The engineering effort! ECC solves the theoretical concerns around latency anyway yet we have people arguing that it shouldn't be done. But if it was worth making HTTPS faster to secure HTTP, why not DNS?

Ah, I see what you're asking.

You're not going to find this answer satisfying, I suspect, but there are two main reasons browsers and big sites (that's what we're talking about) didn't bother to try to make DNSSEC faster:

1. They didn't think that DNSSEC did much in terms of security. I recognize you don't agree with this, but I'm just telling you what the thinking was. 2. Because there is substantial deployment of middleboxes which break DNSSEC, DNSSEC hard-fail by default is infeasible.

As a consequence, the easiest thing to do was just ignore DNSSEC.

You'll notice that they did think that encrypting DNS requests was important, as was protecting them from the local network, and so they put effort into DoH, which also had the benefit of being something you could do quickly and unilaterally.

  • I'm not unaware of this and I agree that WebPKI has greatly reduced global risk. New DNS tech takes a lot longer to implement but that doesn't mean we should kill DNSSEC support like the trolls insist upon!

    Why would Let's Encrypt not also be interested in safeguarding DNS, SSH, BGP, and all the others? Those middle boxes will have to get replaced someday and we could push for regulation requiring that their replacements support DNSSEC. These long-term societal investments are worth making and it would enable decentralized DNS.

    I'm also concerned that none of this will happen if haters won't stop screaming, "DNSSEC doesn't do anything but ackchyually harms security!".

    (@tptacek: please stay out of this comment thread)

    • I’ve asked elsewhere what threat models DNSSEC is solving for me.

      Where are all the attacks happening targeting sites that don’t use DNSSEC?

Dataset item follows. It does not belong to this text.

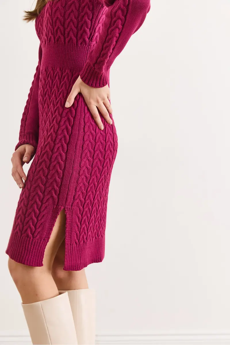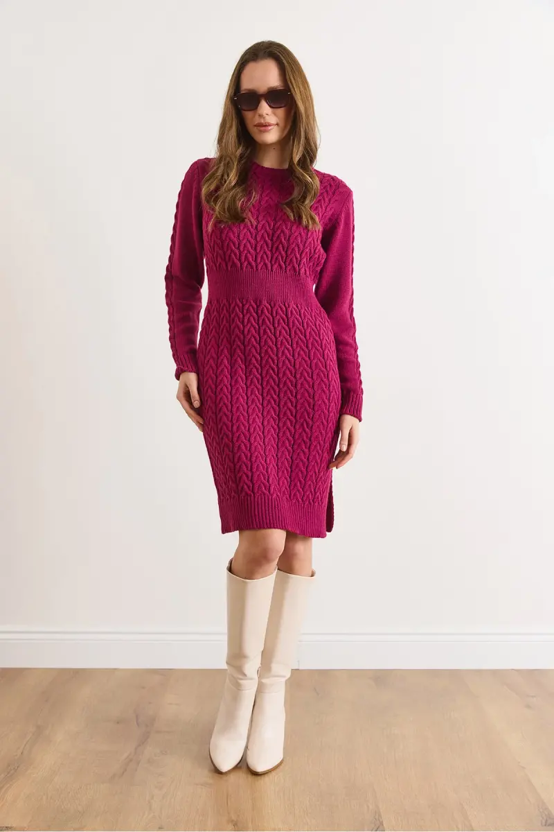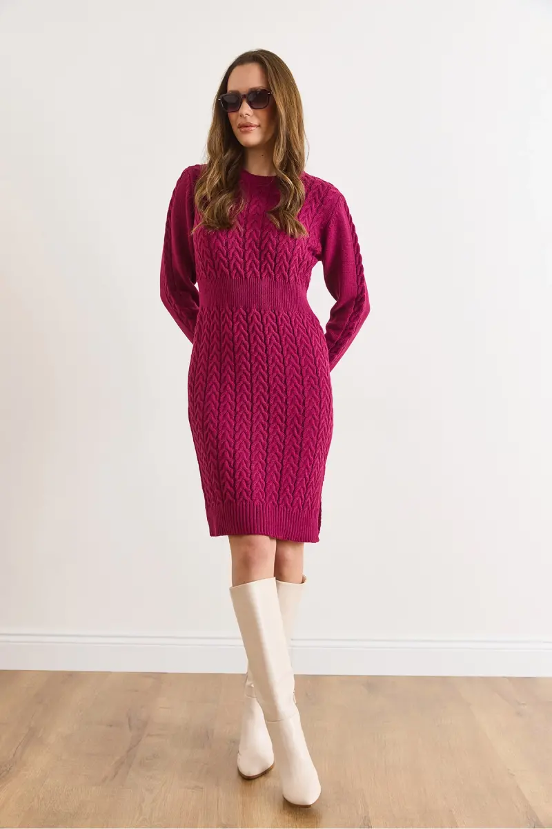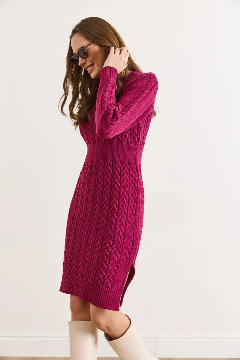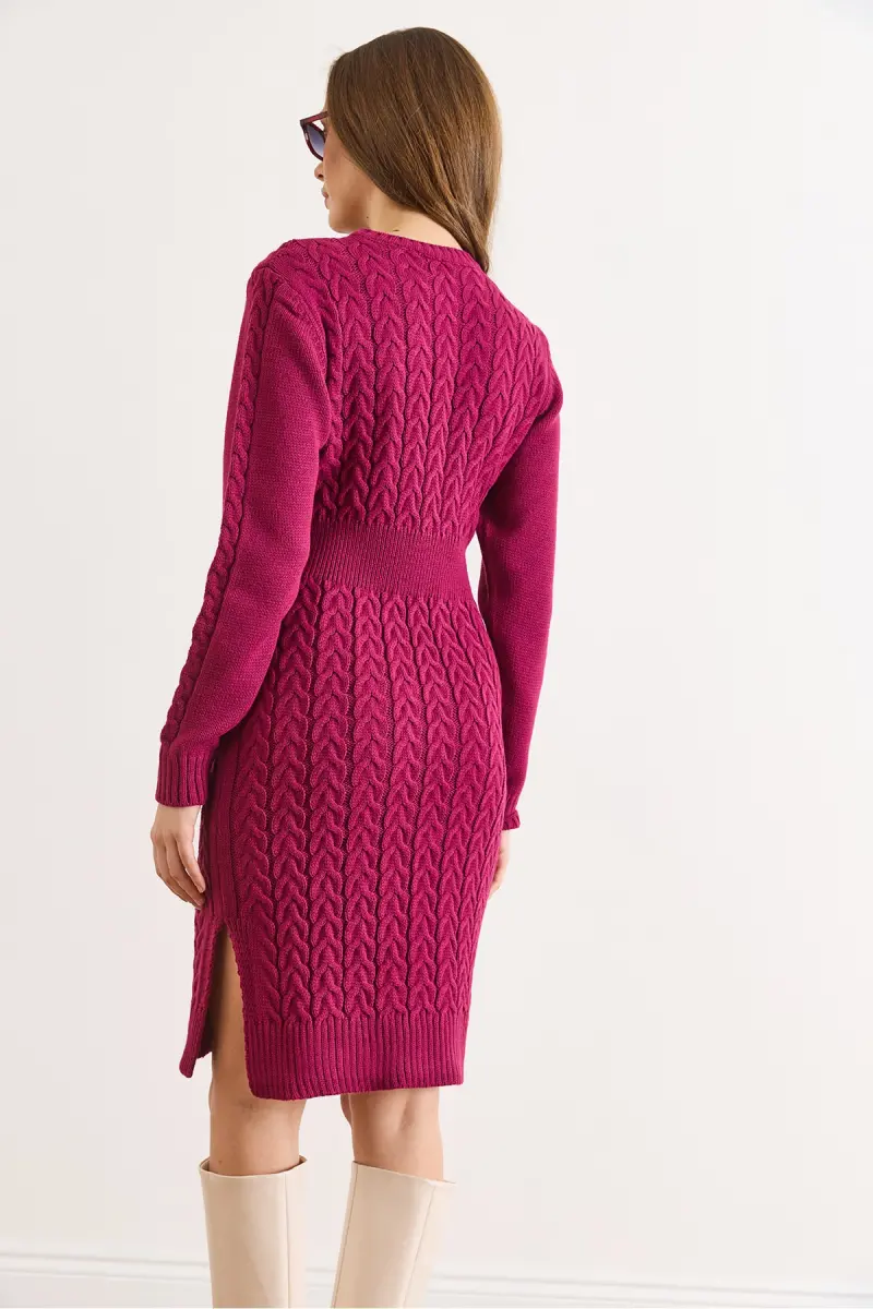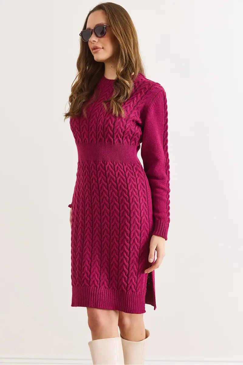 Kadın Vişne Çürüğü Beli Bantlı Yırtmaçlı Saç Örgü Mini Elbise ELB-19002289-Vişne Çürüğü
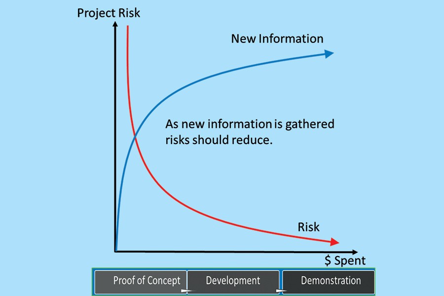 When investment opportunities with suitable risk-return profiles are identified and projects initiated, it is vital that the tasks that reduce risk the most are tackled as early as possible. It should be remembered that at the start of any true innovation project, aimed at bringing a world first to market, the risk can be relatively high and therefore the probability of a successful outcome low. Ideally, risk should exponentially decay over time as resources are spent on the project and new information is created. If risk isn't reducing, the project should be reviewed and redirected or terminated.

HTTPS solved a bunch of real world threat models that were causing massive security issues. So we collectively put a bunch of engineering time into making it performant so that we could deploy it everywhere with minimal impact on UX and performance.

  • DNSSEC also solves a bunch of real world threat models that do cause massive security issues. I think we should put that effort into DNS as well.

    • Somehow they cause these massive security issues without impacting the 95%+ of sites that haven't used the protocol since it became viable to adopt a decade and a half ago.

      It's just a very difficult statistic to get around! Whenever you make a claim like this, you're going to have address the fact that basically ~every high-security organization on the Internet has chosen not to adopt the protocol, and there are basically zero stories about how this has bit any of them.

    • Does it?

      I run a bunch of websites personally. I have ACME-issued TLS certificates from LetsEncrypt. I monitor the Certificate Transparency logs, and have CAA records set.

      What's the threat model that should worry me, where DNSSEC is the right improvement?